▸ **PROBLEM**
Exercise in exact copying: restate word for word only the lines below from the one containing "Desenli denim pantolon." through the one containing "2月11日,西安市高陵区姬家", omitting any pictures.

▸ **DATASET ENTRIES**
+---+

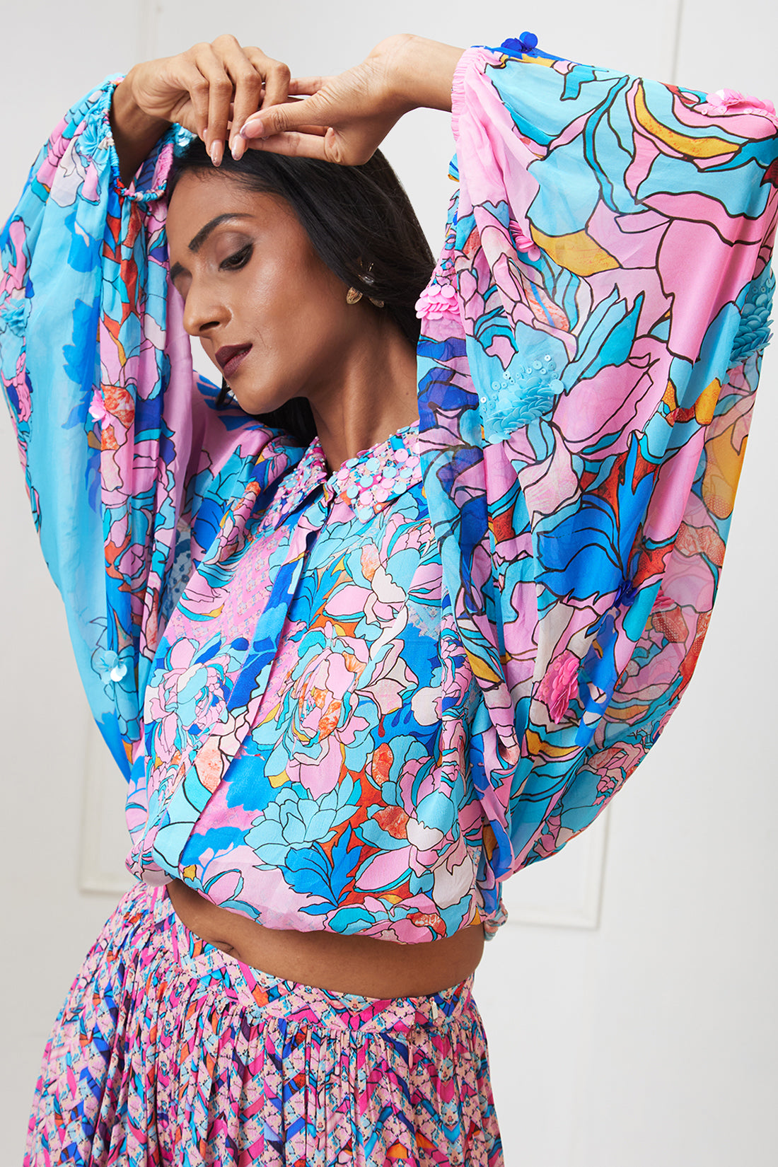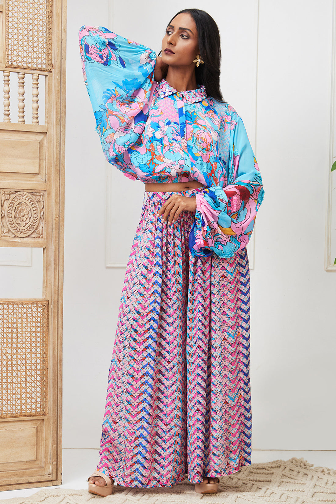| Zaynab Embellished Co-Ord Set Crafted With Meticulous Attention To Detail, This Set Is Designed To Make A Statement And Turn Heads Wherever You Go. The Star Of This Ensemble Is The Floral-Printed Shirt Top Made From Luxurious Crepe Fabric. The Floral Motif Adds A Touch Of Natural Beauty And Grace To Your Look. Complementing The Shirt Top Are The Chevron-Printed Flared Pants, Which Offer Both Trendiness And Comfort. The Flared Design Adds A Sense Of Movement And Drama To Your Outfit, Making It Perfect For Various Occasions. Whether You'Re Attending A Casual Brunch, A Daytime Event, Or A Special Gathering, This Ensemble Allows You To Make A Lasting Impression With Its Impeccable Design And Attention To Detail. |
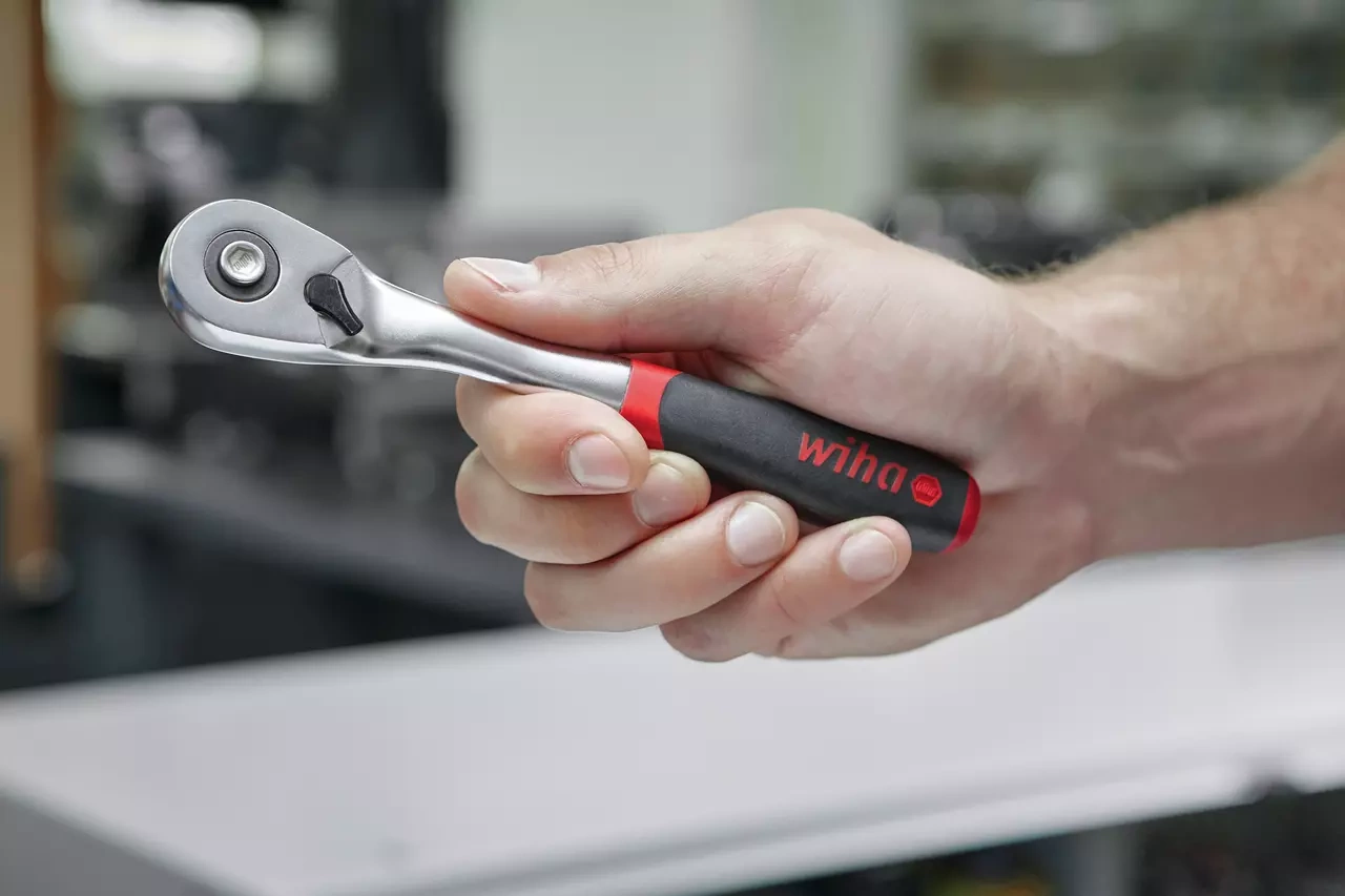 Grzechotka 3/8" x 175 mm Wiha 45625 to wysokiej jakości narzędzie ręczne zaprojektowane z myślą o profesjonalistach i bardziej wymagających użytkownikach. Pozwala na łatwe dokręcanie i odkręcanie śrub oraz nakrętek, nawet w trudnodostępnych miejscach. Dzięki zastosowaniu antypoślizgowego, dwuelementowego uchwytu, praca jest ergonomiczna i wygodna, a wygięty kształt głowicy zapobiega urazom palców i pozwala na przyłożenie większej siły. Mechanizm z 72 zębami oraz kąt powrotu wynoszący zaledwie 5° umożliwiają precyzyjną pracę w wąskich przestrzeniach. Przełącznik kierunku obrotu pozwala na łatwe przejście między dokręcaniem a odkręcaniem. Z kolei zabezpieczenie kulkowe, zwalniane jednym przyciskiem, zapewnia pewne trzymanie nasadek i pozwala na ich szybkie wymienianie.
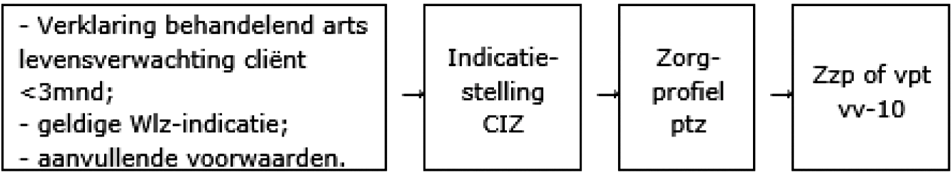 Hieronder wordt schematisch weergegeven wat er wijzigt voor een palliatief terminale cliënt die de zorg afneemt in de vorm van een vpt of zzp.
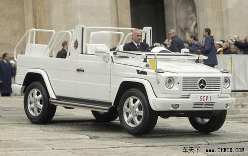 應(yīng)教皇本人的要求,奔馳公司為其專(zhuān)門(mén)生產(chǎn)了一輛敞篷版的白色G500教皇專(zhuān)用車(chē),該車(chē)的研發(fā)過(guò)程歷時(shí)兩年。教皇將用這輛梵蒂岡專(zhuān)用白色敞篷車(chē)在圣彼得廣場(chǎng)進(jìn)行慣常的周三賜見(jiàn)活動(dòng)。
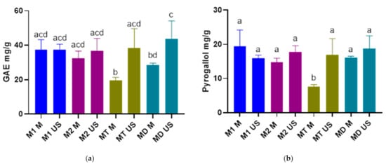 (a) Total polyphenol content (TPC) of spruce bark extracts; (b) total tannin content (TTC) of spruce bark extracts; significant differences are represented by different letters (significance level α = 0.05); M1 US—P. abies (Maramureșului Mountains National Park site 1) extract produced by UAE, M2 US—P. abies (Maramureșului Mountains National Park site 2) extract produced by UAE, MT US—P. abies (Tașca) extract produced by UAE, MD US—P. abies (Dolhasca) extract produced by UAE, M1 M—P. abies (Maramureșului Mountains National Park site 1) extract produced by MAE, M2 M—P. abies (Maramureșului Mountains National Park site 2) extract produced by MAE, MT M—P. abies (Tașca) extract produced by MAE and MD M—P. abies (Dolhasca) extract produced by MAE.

+---+

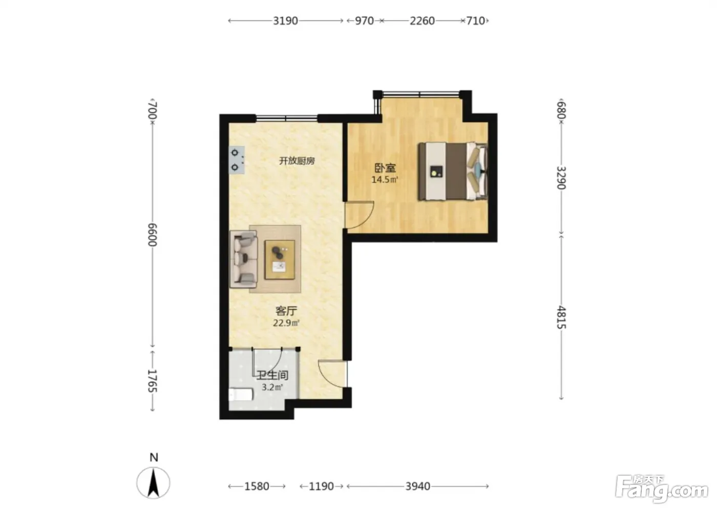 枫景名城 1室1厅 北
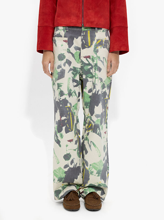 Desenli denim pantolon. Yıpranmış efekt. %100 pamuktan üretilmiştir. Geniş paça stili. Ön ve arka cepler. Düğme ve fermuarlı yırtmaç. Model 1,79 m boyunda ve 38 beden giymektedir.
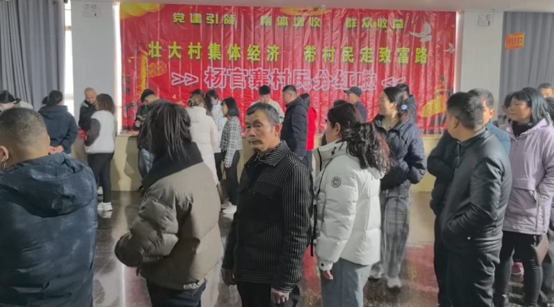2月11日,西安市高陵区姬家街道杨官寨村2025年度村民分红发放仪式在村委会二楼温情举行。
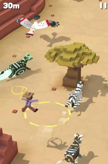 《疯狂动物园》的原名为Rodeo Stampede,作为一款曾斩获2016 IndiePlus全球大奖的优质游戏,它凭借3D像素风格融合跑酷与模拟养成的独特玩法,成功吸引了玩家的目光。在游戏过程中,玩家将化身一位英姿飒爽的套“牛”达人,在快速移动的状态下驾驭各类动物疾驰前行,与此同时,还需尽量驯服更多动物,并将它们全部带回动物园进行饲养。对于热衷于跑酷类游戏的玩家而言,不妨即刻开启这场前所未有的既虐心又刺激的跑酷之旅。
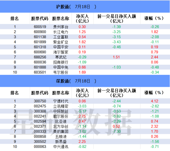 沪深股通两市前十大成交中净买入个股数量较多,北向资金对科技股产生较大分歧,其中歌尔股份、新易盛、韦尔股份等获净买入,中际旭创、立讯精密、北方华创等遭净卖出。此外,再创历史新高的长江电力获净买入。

+---+

▸ **SOLVED PROBLEM**
 Desenli denim pantolon. Yıpranmış efekt. %100 pamuktan üretilmiştir. Geniş paça stili. Ön ve arka cepler. Düğme ve fermuarlı yırtmaç. Model 1,79 m boyunda ve 38 beden giymektedir.
2月11日,西安市高陵区姬家街道杨官寨村2025年度村民分红发放仪式在村委会二楼温情举行。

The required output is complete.